Todo apunta a responder afirmativamente la pregunta. Por una razón fundamental: es muy posible que el conflicto colombiano no sólo se salga de madre en razón de la naturaleza misma de la guerra -desplazamiento de los cultivos ilícitos, destierro masivo de campesinos-, sino porque quizás sea éste el verdadero sentido de la injerencia de Washington atendiendo al peligro que para sus intereses representan Chávez y los movimientos sociales que se agitan en Brasil, Ecuador, Perú, Bolivia. Se ha comenzado a oír hablar del eje Caracas-La Habana-San Vicente del Caguán. El Departamento de Estado ha insistido una y otra vez en el peligro que representa la inestabilidad de «la democracia» colombiana para la estabilidad política de la región. ¿Qué pasaría entonces? ¿Cuál sería el papel de la Unión Europea en este eventual desenlace? Se dejaría arrastrar Europa a tomar parte en un conflicto que tiene hoy por hoy todavía opciones de solución civil? ¿Cuál sería su costo? De salir avante en esa guerra, ¿qué ganaría Europa en una región sometida a la Pax Americana? Y de perderla, ¿qué consecuencias le traería para el desarrollo de su política exterior?

No es una tesis chauvinista: Colombia, para bien o para mal, es un país de significativa importancia geoestratégica regional. Por eso el problema podría extenderse, y transformar una guerra de carácter doméstico y limitado -con grandes posibilidades hoy de resolverse políticamente-, en un conflicto de alcance y proporciones desconocidos. El Plan Colombia puede ser el fulminante que se busca activar para lanzarnos a una aventura de la que nadie saldrá bien librado. Será un conflicto terrible con dos costos altísimos: el atropello a la población civil, habida cuenta de la guerra sucia, y el ecocidio representado en los destrozos causados por la guerra biológica que hace parte de los compromisos contraídos por el gobierno en el Plan Colombia. De manera indirecta Europa, de apoyar la estrategia norteamericana, avalaría estos nefastos resultados. Nadie podría desconocer que el Plan Colombia presentado a ustedes por nuestro gobierno, tiene para Estados Unidos una función esencial: mitigar la imagen militar de la estrategia y comprometer a Europa en un proyecto bélico común.

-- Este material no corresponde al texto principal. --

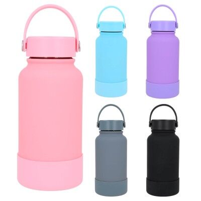Termo con doble pared de acero inoxidable, insulado al vacío, acabado rubber con silicón en la parte inferior y tapa enroscable con asa. Medidas: 20.5 alto x 9.3 ancho

Permítanme hacer finalmente una consideración: Colombia necesita ayuda económica y política para resolver el conflicto. La participación de una tercera parte, como lo es la comunidad internacional en el proceso de negociación, sólo es justificable y útil si las dos partes en conflicto así lo demandan y, por tanto, lo aceptan. No es comprensible que se participe de manera unilateral si quiere evitarse caer en la intervención. Quiero decir, señores, que la verdadera ayuda de Europa estaría condicionada a que la negociación continúe, y en esta deseable opción, la participación debería estar indisolublemente asociada a los acuerdos logrados en la mesa. Los acuerdos requerirán la veeduría responsable y competente y ella no se lograría si Europa tercia en el proceso a favor de una de las partes. La solución necesita ayudas económicas, pero ella no sería factible si Europa contribuye a respaldar una estrategia militar inconveniente, aventurera y contraproducente. El tiempo para evitar este desenlace fatal es muy limitado. Pero existe un margen. Contribuyan ustedes a evitar la muerte de miles de colombianos y a impedir que nuestro medio ambiente sufra daños irreparables.